▸ **AIM OF THE EXERCISE**: Repeat the listing exactly, line by line, and leave the pictures behind.

▸ **RECORDS FOR THIS EXERCISE**:

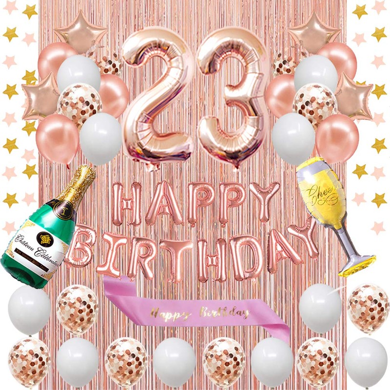 Fancypartyshop 23rd Birthday Decorations - Rose Gold Happy Birthday Banner and Sash with Number 23 Balloons Latex Confetti Balloons Ideal for Girl and Women 23 Years Old Birthday Rose Gold
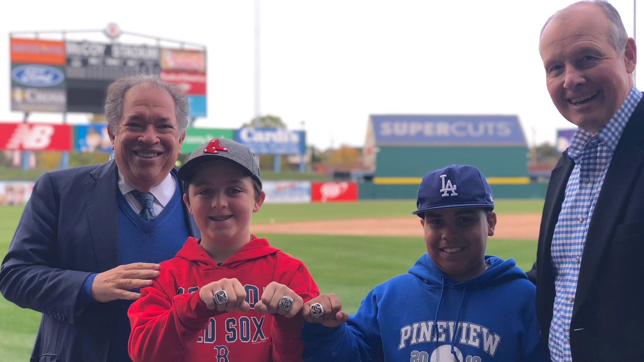 The four will enjoy seats at Fenway Park as the Red Sox play the Los Angeles Dodgers, who this year repeated as National League Champions, for the first time. More than 100 years ago, the Red Sox beat the Brooklyn Robins, forerunners of the Dodgers in the 1916 World Series.
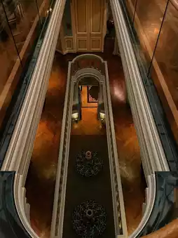 Upon entering the lobby, you're immediately immersed in a perfect blend of historic ambiance and luxurious touches. Soaring ceilings, exquisite crystal chandeliers, ornate carved walls, and the outdoor garden - every detail reflects its noble heritage!
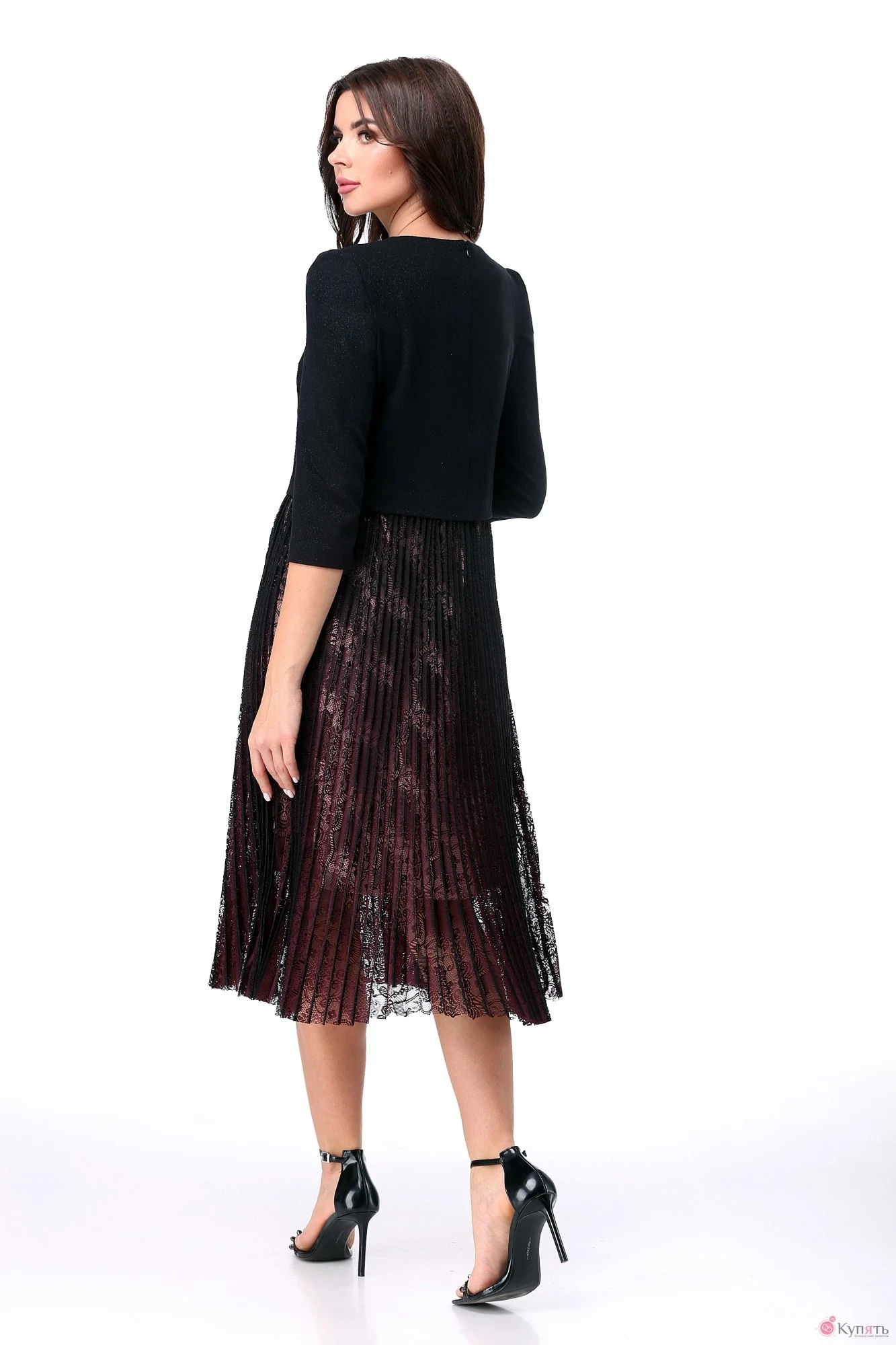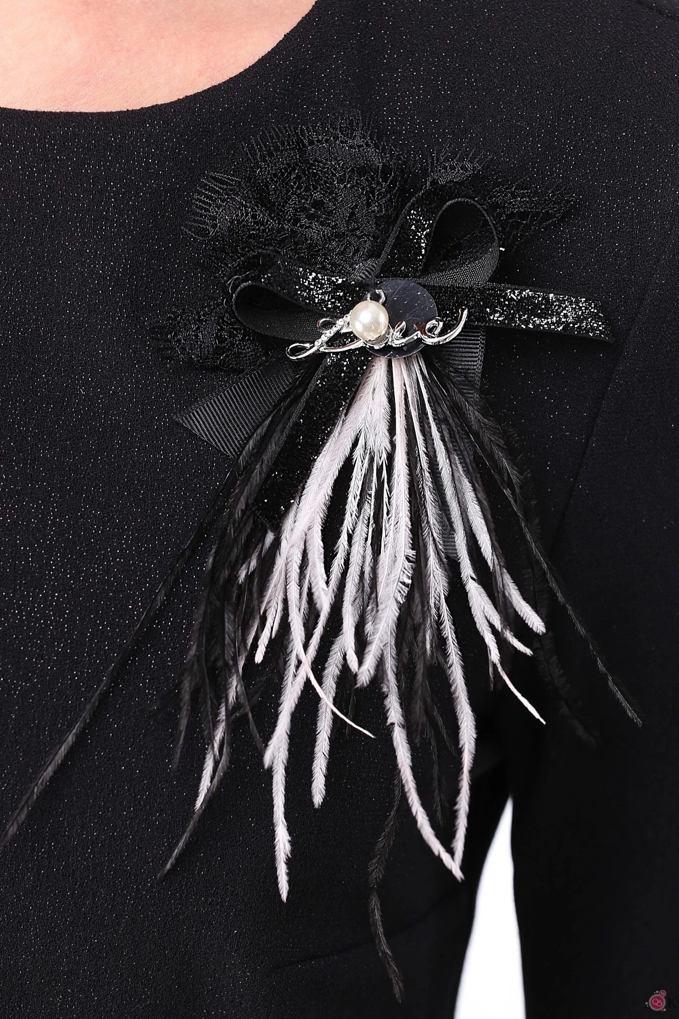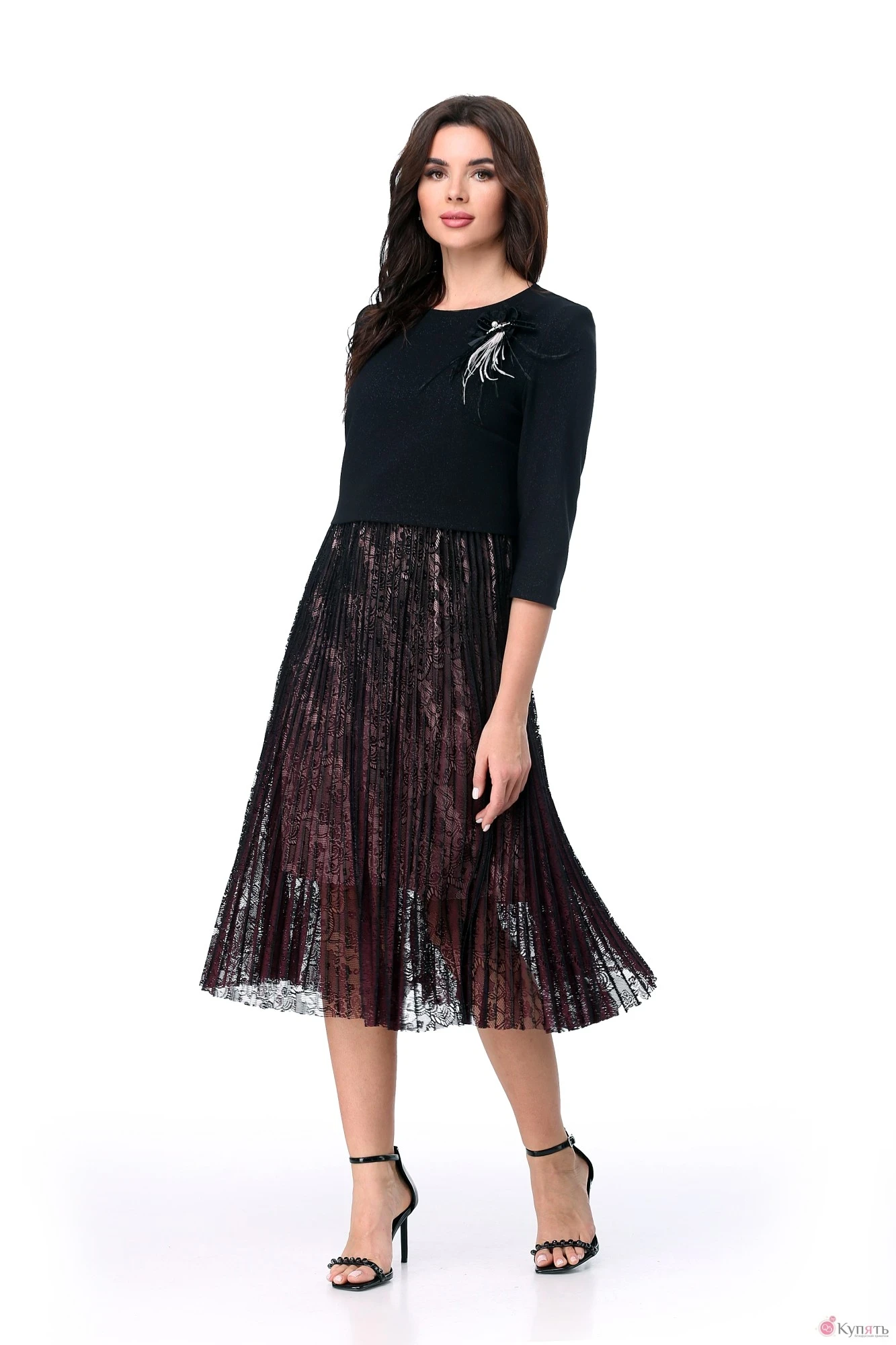 Нарядное платье отрезное по линии талии. Лиф отлетной из костюмно-плательной ткани с добавлением люрекса. Юбка-плиссе выполнена из французского кружева. Спинка с потайной молнией в среднем шве. Рукав втачной ,одношовный 3/4 .Платье дополнено элегантной брошью ручной работы
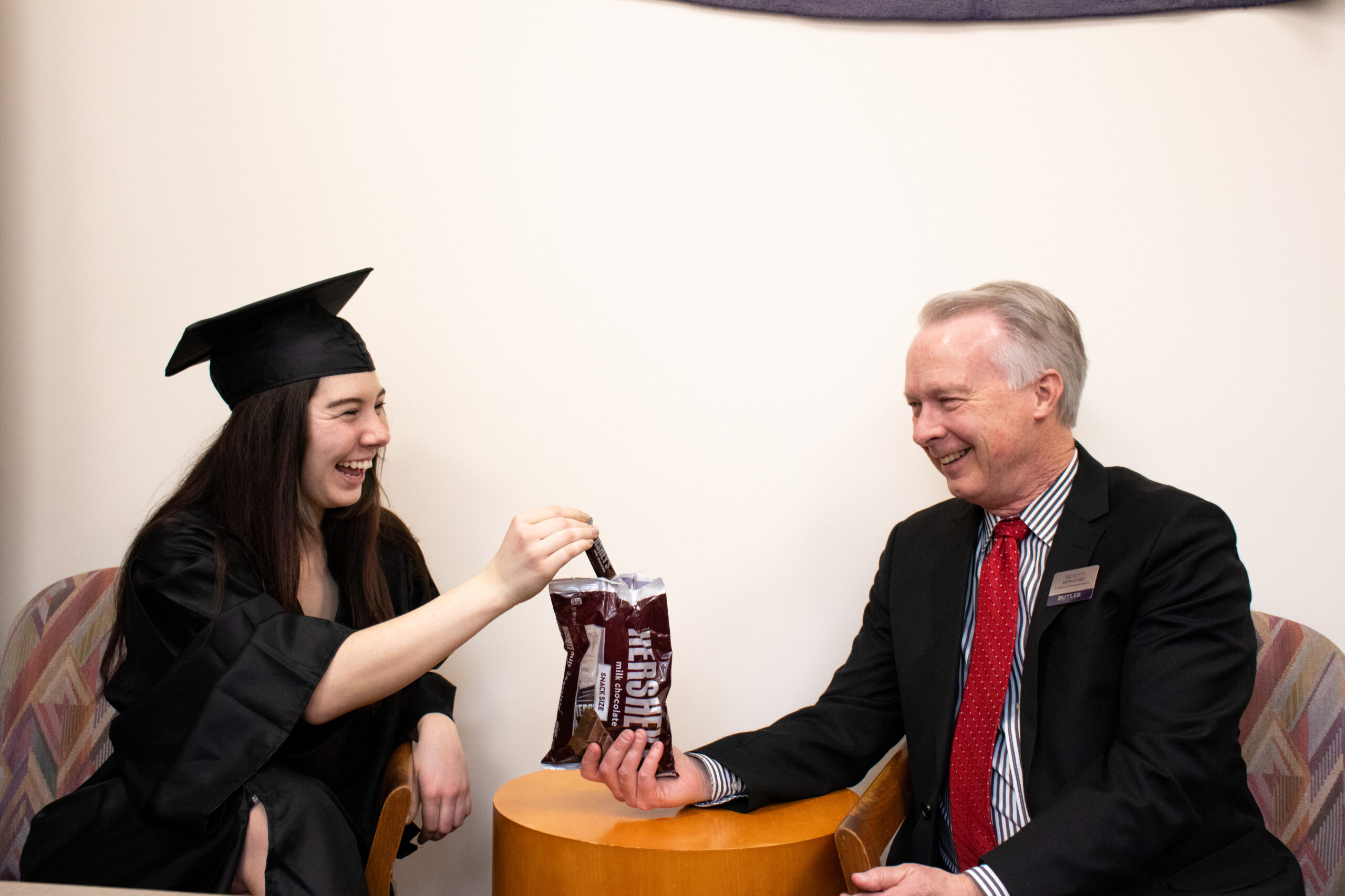 A Hershey’s bar, which is graciously provided by Freeman’s advisor Scott Bridge, makes for both a delectable midday snack and a tasty commencement treat. Photo by Ben Caylor.
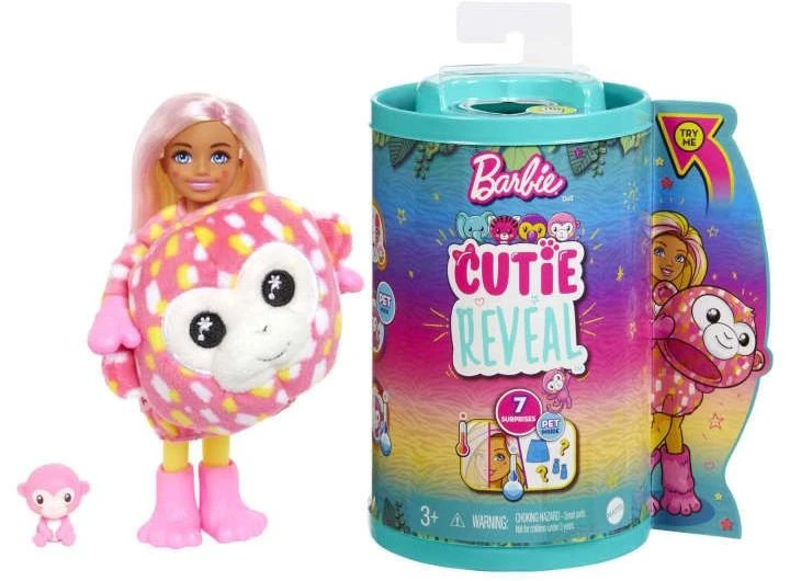 Οι κούκλες Barbie® Cutie Reveal™ προσφέρουν την πιο χαριτωμένη εμπειρία αποκάλυψης με επτά εκπλήξεις! Ανακαλύψτε ένα αστείο μαϊμουδάκι και στη συνέχεια αφαιρέστε τη στολή για να αποκαλύψετε μια ευλύγιστη μικρή κούκλα Chelsea™. Κάθε μικρή κούκλα έχει σχέδια στο πρόσωπο που κάνουν την εμφάνισή της ακόμα πιο χαριτωμένη. Αποκαλύψτε περισσότερες εκπλήξεις, όπως μια φούστα και ένα μίνι ζωάκι που ταιριάζει με τη στολή της κούκλας! Το επάνω μέρος της στολής αναποδογυρίζει και γίνεται over-sized μπλούζα, ενώ και το κεφάλι μετατρέπεται σε κρεβάτι για ζωάκι. Το παγωμένο νερό προσθέτει ακόμα περισσότερα παιχνίδια με την αλλαγή χρώματος της κούκλας και του μικρού ζώου. Το ζεστό νερό επαναφέρει τις εμφανίσεις τους για διασκέδαση ξανά και ξανά!
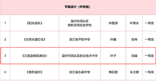 近日,2025年浙江省艺术节平面设计比赛(中学组)获奖名单公布,温州市洞头区职业技术中学23工美班学子叶子的开渔节主题作品《万尾金鳞跃满仓》凭借浓郁的海岛地域特色、鲜明的视觉艺术风格,从全省参赛作品中脱颖而出,斩获省一等奖!

▸ **THE ANSWER**:
 Fancypartyshop 23rd Birthday Decorations - Rose Gold Happy Birthday Banner and Sash with Number 23 Balloons Latex Confetti Balloons Ideal for Girl and Women 23 Years Old Birthday Rose Gold
 The four will enjoy seats at Fenway Park as the Red Sox play the Los Angeles Dodgers, who this year repeated as National League Champions, for the first time. More than 100 years ago, the Red Sox beat the Brooklyn Robins, forerunners of the Dodgers in the 1916 World Series.
 Upon entering the lobby, you're immediately immersed in a perfect blend of historic ambiance and luxurious touches. Soaring ceilings, exquisite crystal chandeliers, ornate carved walls, and the outdoor garden - every detail reflects its noble heritage!
 Нарядное платье отрезное по линии талии. Лиф отлетной из костюмно-плательной ткани с добавлением люрекса. Юбка-плиссе выполнена из французского кружева. Спинка с потайной молнией в среднем шве. Рукав втачной ,одношовный 3/4 .Платье дополнено элегантной брошью ручной работы
 A Hershey’s bar, which is graciously provided by Freeman’s advisor Scott Bridge, makes for both a delectable midday snack and a tasty commencement treat. Photo by Ben Caylor.
 Οι κούκλες Barbie® Cutie Reveal™ προσφέρουν την πιο χαριτωμένη εμπειρία αποκάλυψης με επτά εκπλήξεις! Ανακαλύψτε ένα αστείο μαϊμουδάκι και στη συνέχεια αφαιρέστε τη στολή για να αποκαλύψετε μια ευλύγιστη μικρή κούκλα Chelsea™. Κάθε μικρή κούκλα έχει σχέδια στο πρόσωπο που κάνουν την εμφάνισή της ακόμα πιο χαριτωμένη. Αποκαλύψτε περισσότερες εκπλήξεις, όπως μια φούστα και ένα μίνι ζωάκι που ταιριάζει με τη στολή της κούκλας! Το επάνω μέρος της στολής αναποδογυρίζει και γίνεται over-sized μπλούζα, ενώ και το κεφάλι μετατρέπεται σε κρεβάτι για ζωάκι. Το παγωμένο νερό προσθέτει ακόμα περισσότερα παιχνίδια με την αλλαγή χρώματος της κούκλας και του μικρού ζώου. Το ζεστό νερό επαναφέρει τις εμφανίσεις τους για διασκέδαση ξανά και ξανά!
 近日,2025年浙江省艺术节平面设计比赛(中学组)获奖名单公布,温州市洞头区职业技术中学23工美班学子叶子的开渔节主题作品《万尾金鳞跃满仓》凭借浓郁的海岛地域特色、鲜明的视觉艺术风格,从全省参赛作品中脱颖而出,斩获省一等奖!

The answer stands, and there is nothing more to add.